— Work to complete —
Output exactly the lines of the listing below that run from the line with "状態:2019年製のUSED" through the line with "Modulo Plato Slim". No pictures.

▶

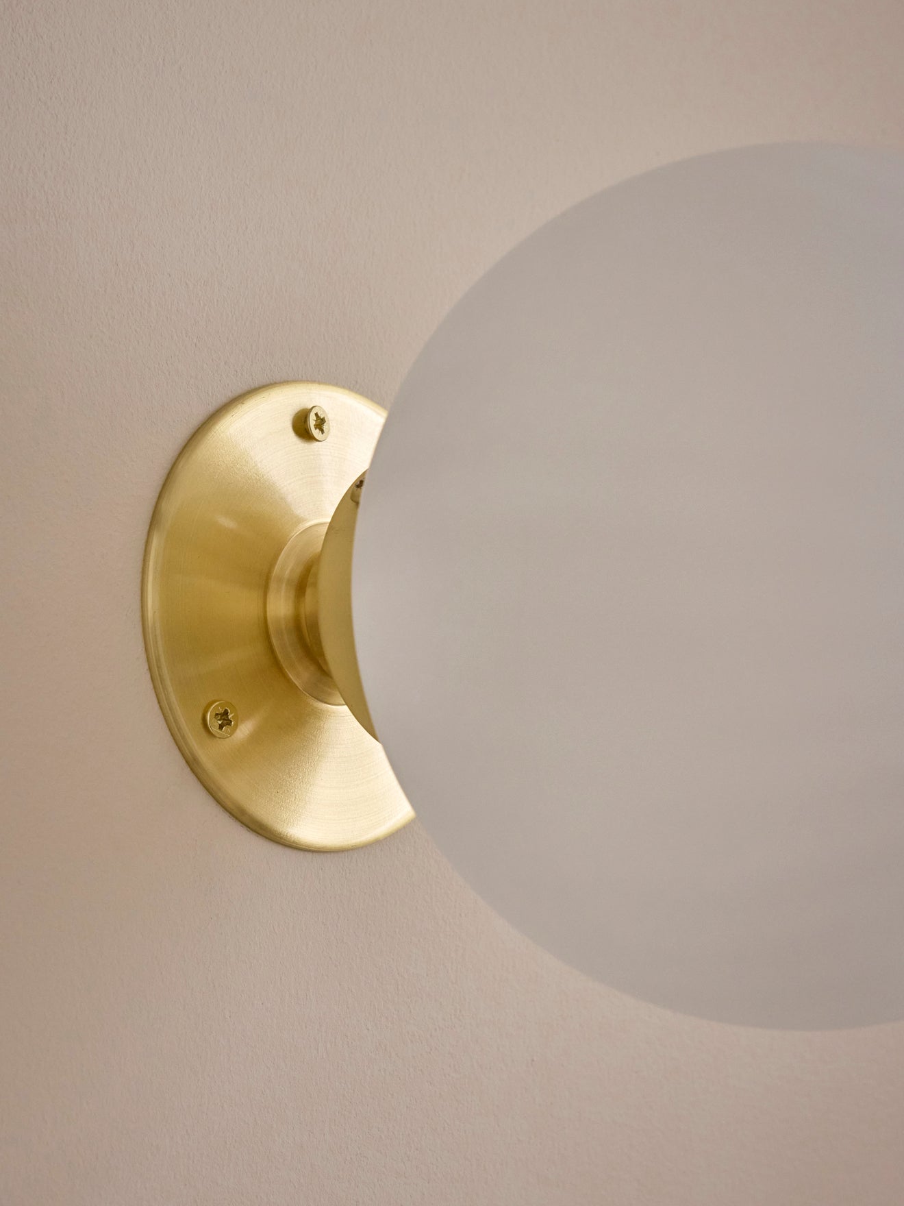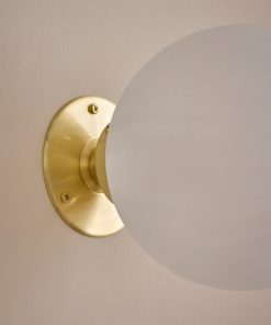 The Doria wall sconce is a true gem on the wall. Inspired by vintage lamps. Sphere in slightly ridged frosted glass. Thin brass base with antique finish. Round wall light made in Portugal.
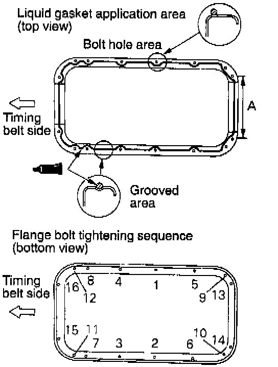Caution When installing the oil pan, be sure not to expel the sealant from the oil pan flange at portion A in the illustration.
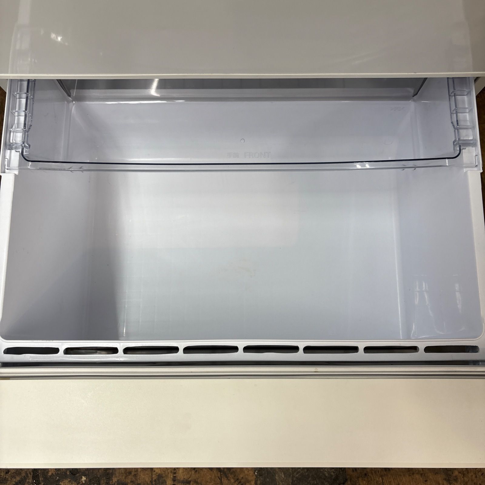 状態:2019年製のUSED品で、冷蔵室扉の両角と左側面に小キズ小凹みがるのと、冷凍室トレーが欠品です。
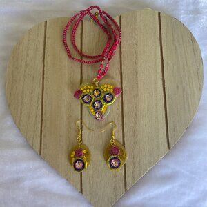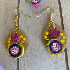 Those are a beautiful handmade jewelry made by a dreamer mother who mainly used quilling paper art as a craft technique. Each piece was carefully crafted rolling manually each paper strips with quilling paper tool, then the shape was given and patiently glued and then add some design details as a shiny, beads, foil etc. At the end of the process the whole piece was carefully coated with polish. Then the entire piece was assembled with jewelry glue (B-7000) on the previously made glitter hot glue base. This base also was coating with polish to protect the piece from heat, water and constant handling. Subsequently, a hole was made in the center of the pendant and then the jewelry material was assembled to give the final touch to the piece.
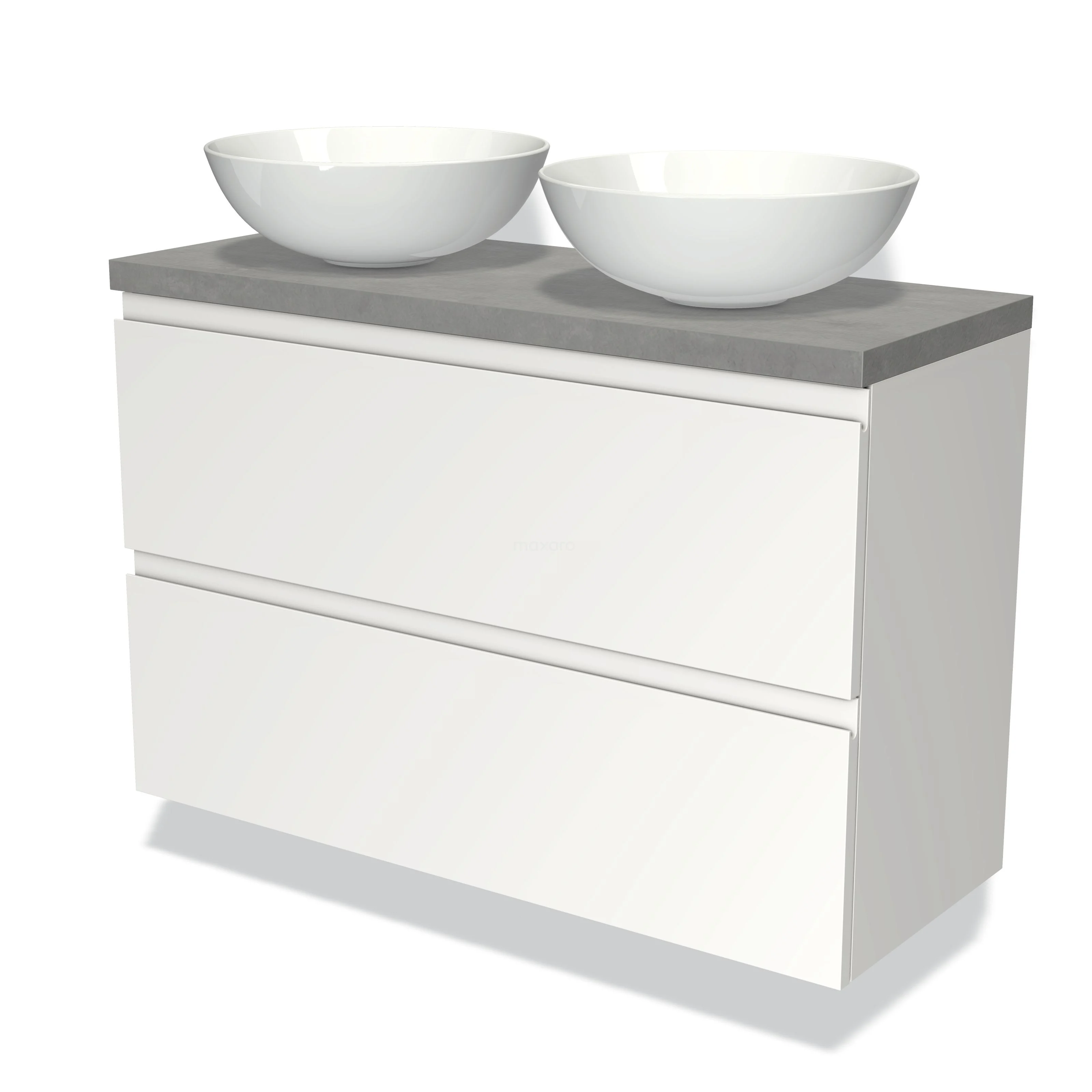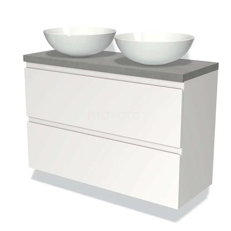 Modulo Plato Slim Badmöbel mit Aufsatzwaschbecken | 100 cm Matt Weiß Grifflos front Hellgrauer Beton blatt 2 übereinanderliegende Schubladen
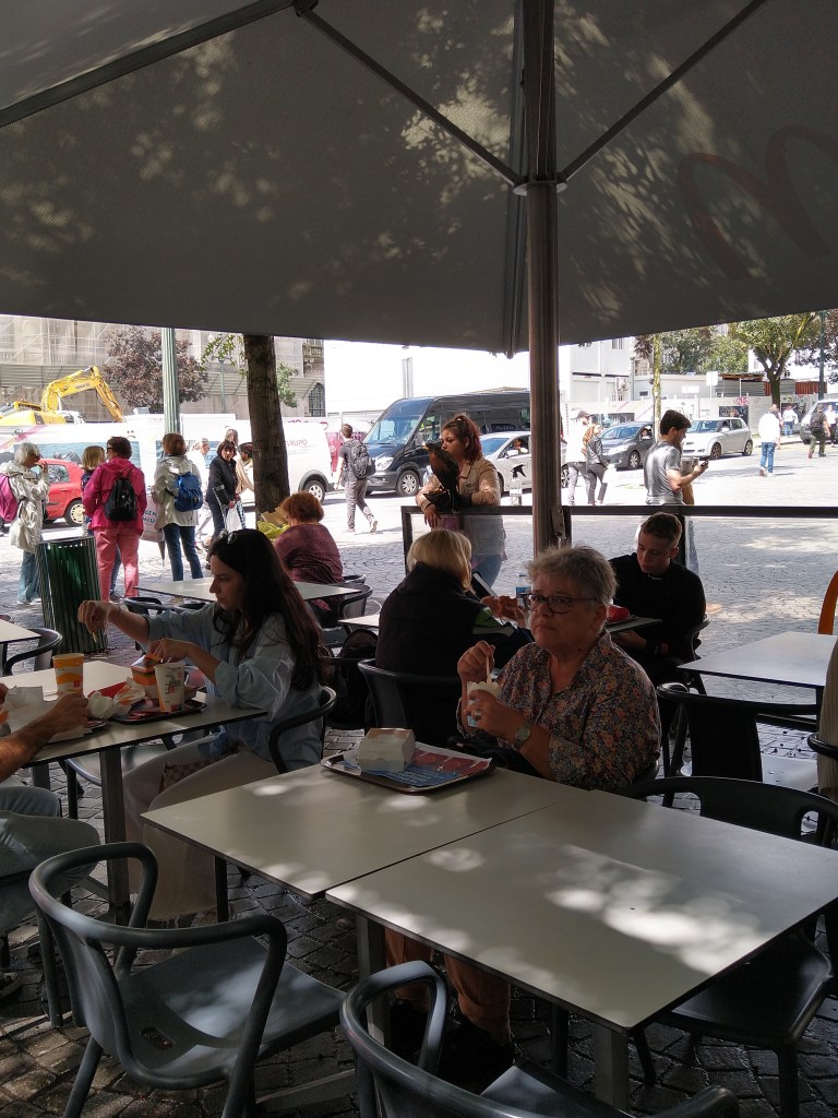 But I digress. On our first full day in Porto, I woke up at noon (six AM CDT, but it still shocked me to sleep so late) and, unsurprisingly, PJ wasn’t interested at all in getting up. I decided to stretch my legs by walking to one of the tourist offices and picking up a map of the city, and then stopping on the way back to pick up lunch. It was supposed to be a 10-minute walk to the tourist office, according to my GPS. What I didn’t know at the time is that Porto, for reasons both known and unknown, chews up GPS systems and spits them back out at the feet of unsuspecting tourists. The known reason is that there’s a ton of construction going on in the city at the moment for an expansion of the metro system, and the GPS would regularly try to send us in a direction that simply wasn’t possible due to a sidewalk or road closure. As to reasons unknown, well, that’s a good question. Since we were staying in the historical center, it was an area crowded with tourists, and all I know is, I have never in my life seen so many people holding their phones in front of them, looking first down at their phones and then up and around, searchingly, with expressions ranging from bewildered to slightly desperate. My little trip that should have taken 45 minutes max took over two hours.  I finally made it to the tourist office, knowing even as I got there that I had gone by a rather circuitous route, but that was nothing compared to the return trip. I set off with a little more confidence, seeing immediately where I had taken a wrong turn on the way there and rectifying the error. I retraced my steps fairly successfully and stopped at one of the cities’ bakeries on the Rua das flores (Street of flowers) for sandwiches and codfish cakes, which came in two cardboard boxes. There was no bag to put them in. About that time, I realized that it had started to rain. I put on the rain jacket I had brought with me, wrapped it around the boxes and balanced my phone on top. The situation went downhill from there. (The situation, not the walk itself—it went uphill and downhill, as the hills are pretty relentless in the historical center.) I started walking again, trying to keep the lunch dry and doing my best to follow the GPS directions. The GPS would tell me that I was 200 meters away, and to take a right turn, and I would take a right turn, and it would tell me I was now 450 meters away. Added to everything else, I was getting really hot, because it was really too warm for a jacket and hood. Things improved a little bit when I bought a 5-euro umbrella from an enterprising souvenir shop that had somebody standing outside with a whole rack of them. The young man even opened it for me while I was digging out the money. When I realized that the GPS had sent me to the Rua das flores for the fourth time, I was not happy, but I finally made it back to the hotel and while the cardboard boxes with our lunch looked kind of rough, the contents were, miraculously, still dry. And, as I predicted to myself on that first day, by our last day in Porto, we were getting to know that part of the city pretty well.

◀

— Problem solution —
 状態:2019年製のUSED品で、冷蔵室扉の両角と左側面に小キズ小凹みがるのと、冷凍室トレーが欠品です。
 Those are a beautiful handmade jewelry made by a dreamer mother who mainly used quilling paper art as a craft technique. Each piece was carefully crafted rolling manually each paper strips with quilling paper tool, then the shape was given and patiently glued and then add some design details as a shiny, beads, foil etc. At the end of the process the whole piece was carefully coated with polish. Then the entire piece was assembled with jewelry glue (B-7000) on the previously made glitter hot glue base. This base also was coating with polish to protect the piece from heat, water and constant handling. Subsequently, a hole was made in the center of the pendant and then the jewelry material was assembled to give the final touch to the piece.
 Modulo Plato Slim Badmöbel mit Aufsatzwaschbecken | 100 cm Matt Weiß Grifflos front Hellgrauer Beton blatt 2 übereinanderliegende Schubladen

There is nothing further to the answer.